───── LISTED ENTRIES

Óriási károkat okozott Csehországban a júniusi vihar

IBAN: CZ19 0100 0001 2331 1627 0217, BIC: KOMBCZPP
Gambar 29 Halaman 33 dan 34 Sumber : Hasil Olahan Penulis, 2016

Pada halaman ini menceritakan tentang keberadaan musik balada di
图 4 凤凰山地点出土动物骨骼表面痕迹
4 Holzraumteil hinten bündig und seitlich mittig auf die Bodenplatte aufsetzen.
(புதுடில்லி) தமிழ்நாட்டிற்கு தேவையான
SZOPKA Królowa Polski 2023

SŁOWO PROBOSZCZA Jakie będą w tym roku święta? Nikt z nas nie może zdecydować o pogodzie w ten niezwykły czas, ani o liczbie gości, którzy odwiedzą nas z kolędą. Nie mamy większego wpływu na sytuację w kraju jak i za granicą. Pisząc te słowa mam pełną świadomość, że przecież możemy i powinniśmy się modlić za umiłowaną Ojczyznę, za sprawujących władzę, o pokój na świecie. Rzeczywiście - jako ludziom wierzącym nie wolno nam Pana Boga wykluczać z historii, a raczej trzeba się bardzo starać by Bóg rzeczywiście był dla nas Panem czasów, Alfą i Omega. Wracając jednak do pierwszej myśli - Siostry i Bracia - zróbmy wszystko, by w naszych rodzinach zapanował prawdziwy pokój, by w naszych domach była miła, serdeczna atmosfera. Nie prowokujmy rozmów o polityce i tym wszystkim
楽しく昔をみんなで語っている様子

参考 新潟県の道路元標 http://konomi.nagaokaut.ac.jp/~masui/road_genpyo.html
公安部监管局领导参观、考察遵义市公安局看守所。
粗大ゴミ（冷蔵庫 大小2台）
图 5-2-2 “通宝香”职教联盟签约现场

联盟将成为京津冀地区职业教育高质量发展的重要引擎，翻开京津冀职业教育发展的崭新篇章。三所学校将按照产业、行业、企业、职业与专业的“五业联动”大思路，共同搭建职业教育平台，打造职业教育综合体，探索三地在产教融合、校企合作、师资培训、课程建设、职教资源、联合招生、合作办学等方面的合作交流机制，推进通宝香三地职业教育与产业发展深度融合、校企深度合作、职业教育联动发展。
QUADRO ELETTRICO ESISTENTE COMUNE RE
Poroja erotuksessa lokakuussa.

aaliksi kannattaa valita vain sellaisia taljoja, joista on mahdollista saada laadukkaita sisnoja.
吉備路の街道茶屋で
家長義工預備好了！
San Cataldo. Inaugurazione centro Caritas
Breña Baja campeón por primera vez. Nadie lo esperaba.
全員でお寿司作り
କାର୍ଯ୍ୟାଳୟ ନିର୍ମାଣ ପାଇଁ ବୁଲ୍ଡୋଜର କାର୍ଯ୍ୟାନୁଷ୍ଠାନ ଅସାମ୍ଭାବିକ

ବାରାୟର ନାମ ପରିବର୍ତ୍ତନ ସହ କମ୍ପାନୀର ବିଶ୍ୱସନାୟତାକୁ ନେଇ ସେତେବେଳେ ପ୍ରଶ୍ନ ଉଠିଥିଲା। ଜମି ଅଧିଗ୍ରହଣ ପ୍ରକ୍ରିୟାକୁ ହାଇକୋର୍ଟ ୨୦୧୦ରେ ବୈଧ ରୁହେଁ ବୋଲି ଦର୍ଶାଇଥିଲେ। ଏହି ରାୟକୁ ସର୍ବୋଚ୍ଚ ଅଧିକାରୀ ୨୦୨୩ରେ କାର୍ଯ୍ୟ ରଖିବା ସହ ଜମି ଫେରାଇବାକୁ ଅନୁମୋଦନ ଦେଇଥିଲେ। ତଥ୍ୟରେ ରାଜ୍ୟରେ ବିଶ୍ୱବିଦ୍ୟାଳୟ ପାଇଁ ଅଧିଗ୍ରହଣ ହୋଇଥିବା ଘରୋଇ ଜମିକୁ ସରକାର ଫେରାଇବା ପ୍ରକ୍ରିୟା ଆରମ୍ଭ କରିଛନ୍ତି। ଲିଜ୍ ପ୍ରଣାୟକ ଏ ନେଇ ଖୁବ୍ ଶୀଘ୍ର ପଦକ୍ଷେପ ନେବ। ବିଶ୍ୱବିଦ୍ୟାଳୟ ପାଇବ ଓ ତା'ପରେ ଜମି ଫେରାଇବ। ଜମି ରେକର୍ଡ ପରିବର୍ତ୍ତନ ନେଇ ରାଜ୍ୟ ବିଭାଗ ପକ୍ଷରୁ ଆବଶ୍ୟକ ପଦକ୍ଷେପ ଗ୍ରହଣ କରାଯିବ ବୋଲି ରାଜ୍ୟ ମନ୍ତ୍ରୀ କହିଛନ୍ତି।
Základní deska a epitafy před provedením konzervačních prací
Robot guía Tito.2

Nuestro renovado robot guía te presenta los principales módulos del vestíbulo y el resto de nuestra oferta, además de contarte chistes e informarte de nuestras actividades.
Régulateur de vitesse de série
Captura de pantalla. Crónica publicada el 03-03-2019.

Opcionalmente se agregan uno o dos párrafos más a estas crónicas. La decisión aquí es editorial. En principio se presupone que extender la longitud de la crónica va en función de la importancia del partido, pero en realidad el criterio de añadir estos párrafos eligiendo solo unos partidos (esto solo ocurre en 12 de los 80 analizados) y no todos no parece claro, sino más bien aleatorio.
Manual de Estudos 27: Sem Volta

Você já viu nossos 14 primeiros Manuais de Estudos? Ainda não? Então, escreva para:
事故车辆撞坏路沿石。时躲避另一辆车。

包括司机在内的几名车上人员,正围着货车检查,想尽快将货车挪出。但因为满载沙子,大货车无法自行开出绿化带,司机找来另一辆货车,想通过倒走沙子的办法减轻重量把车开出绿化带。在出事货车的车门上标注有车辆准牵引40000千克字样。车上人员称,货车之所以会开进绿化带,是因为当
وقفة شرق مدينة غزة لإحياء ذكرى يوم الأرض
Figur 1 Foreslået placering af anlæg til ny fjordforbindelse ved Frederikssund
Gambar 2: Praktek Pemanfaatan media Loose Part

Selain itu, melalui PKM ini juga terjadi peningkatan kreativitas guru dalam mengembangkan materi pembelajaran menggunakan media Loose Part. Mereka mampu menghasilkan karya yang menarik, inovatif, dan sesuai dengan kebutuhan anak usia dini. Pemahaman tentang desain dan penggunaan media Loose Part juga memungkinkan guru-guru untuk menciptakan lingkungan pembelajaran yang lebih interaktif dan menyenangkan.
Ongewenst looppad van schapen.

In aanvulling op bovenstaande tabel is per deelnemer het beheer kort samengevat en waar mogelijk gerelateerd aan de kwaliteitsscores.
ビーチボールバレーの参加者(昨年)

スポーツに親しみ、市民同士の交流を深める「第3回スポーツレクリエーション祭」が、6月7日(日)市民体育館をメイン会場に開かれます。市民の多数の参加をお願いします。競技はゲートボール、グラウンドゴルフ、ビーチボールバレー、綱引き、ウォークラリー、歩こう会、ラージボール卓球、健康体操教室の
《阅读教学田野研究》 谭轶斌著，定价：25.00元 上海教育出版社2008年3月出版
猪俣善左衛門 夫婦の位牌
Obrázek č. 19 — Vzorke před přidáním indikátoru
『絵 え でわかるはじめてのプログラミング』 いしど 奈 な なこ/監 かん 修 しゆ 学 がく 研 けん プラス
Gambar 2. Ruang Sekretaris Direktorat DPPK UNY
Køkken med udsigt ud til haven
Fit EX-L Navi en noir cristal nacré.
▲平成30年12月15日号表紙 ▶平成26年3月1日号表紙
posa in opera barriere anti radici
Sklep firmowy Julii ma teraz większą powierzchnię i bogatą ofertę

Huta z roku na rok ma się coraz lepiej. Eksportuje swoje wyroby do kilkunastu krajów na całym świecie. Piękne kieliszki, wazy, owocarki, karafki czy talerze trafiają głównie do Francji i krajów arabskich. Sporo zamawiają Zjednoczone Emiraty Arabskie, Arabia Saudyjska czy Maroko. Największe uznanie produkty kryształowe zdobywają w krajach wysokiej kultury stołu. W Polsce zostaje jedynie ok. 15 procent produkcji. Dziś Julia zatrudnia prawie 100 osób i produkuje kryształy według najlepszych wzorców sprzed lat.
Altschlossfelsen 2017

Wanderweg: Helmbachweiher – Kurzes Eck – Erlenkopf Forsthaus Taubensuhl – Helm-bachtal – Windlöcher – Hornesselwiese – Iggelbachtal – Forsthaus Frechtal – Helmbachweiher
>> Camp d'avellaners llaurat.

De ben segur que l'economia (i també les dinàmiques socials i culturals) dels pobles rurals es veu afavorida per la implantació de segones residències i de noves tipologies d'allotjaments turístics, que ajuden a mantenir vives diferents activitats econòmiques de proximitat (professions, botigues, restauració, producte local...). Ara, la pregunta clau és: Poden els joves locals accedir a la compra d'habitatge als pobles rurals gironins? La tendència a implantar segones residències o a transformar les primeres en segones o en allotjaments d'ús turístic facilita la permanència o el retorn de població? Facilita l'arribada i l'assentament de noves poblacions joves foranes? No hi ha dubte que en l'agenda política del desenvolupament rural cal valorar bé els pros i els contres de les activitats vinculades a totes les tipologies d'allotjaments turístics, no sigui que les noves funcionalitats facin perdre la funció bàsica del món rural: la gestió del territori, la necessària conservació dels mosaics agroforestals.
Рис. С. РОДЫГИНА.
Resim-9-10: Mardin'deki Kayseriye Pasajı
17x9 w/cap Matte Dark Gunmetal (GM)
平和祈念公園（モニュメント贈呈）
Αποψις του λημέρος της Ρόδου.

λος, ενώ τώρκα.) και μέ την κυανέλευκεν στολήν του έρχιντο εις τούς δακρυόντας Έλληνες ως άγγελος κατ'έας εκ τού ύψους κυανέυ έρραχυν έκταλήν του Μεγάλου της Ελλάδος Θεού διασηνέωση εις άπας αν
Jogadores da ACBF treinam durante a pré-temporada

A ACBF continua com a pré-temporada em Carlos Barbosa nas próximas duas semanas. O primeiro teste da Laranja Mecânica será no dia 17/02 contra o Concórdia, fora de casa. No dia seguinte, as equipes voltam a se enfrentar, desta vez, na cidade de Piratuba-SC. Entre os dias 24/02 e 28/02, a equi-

──────────

ABOUT THIS EXERCISE →
Up to and including the line with "SZOPKA Królowa Polski 2023", repeat the data exactly, starting from its first line; nothing else belongs in the response.

EXERCISE SOLUTION →
Óriási károkat okozott Csehországban a júniusi vihar

IBAN: CZ19 0100 0001 2331 1627 0217, BIC: KOMBCZPP
Gambar 29 Halaman 33 dan 34 Sumber : Hasil Olahan Penulis, 2016

Pada halaman ini menceritakan tentang keberadaan musik balada di
图 4 凤凰山地点出土动物骨骼表面痕迹
4 Holzraumteil hinten bündig und seitlich mittig auf die Bodenplatte aufsetzen.
(புதுடில்லி) தமிழ்நாட்டிற்கு தேவையான
SZOPKA Królowa Polski 2023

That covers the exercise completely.